• _SUPPLIED INFORMATION_:
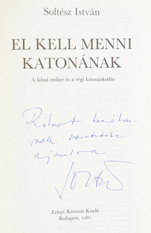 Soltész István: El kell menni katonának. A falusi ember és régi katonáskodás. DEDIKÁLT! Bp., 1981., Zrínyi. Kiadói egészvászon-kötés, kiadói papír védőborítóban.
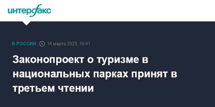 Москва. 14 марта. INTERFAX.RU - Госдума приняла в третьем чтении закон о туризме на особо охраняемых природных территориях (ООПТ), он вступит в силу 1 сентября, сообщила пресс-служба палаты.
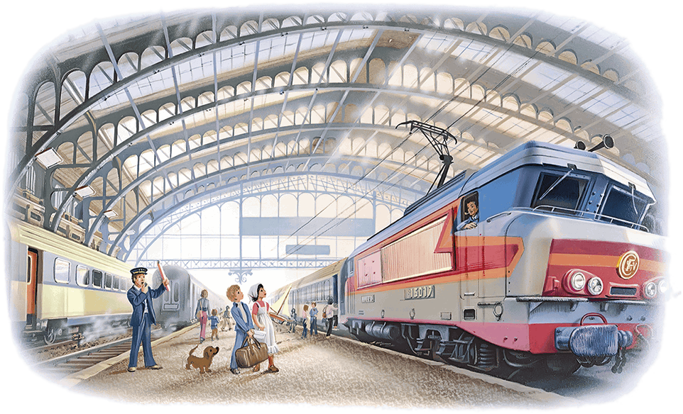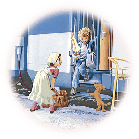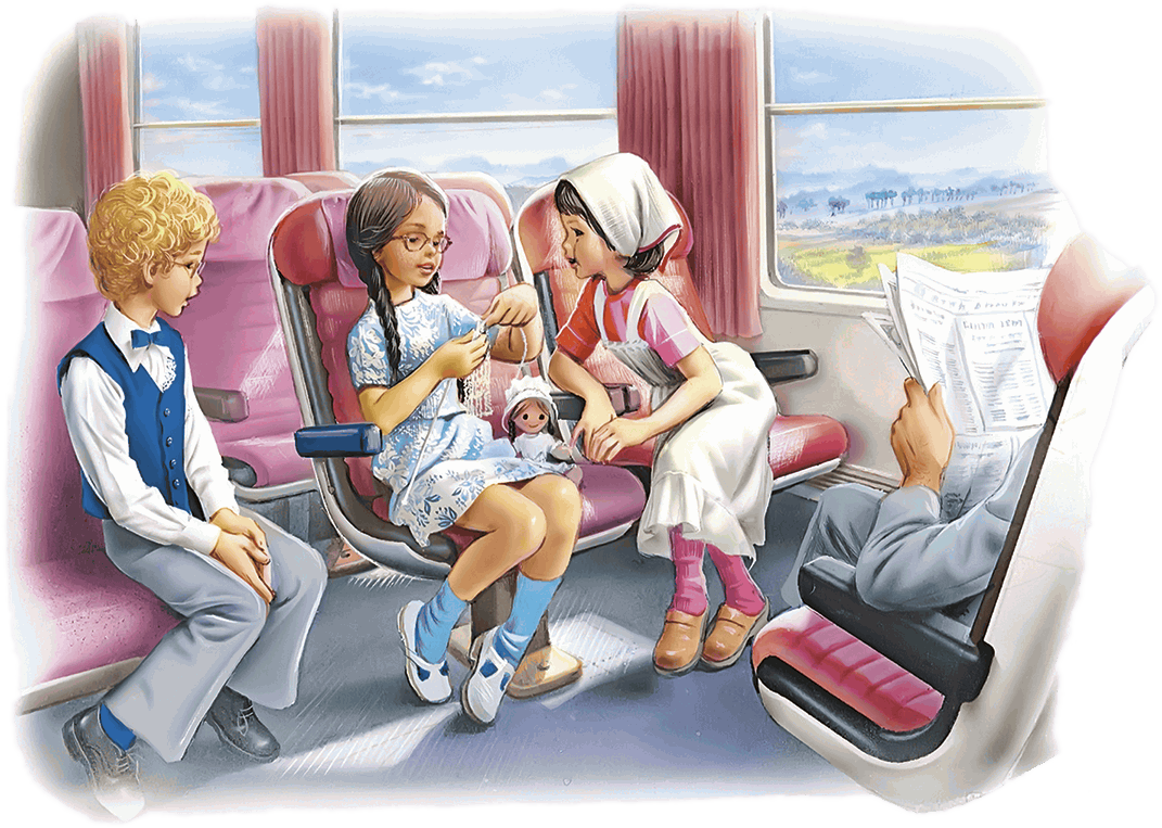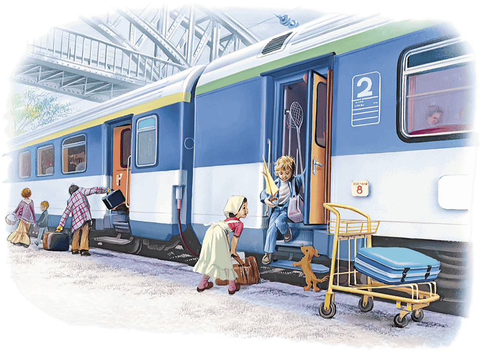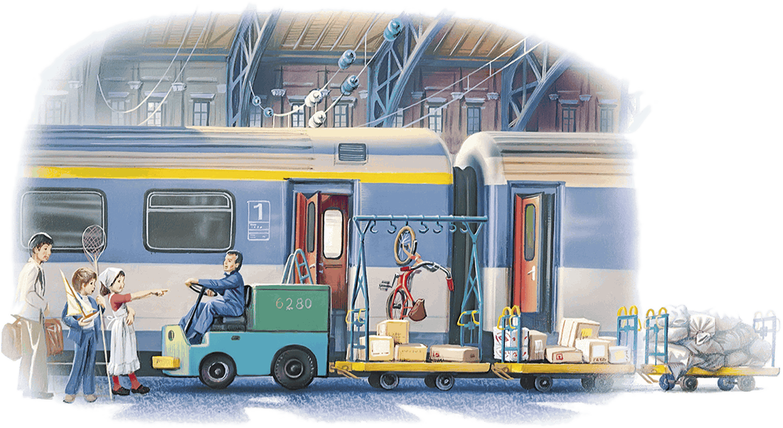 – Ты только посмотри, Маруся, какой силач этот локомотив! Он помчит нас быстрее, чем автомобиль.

• _TASK DIRECTIONS_: Print the whole listing exactly. No pictures belong in the copy.

• _RESPONSE TO THE EXERCISE_:
 Soltész István: El kell menni katonának. A falusi ember és régi katonáskodás. DEDIKÁLT! Bp., 1981., Zrínyi. Kiadói egészvászon-kötés, kiadói papír védőborítóban.
 Москва. 14 марта. INTERFAX.RU - Госдума приняла в третьем чтении закон о туризме на особо охраняемых природных территориях (ООПТ), он вступит в силу 1 сентября, сообщила пресс-служба палаты.
 – Ты только посмотри, Маруся, какой силач этот локомотив! Он помчит нас быстрее, чем автомобиль.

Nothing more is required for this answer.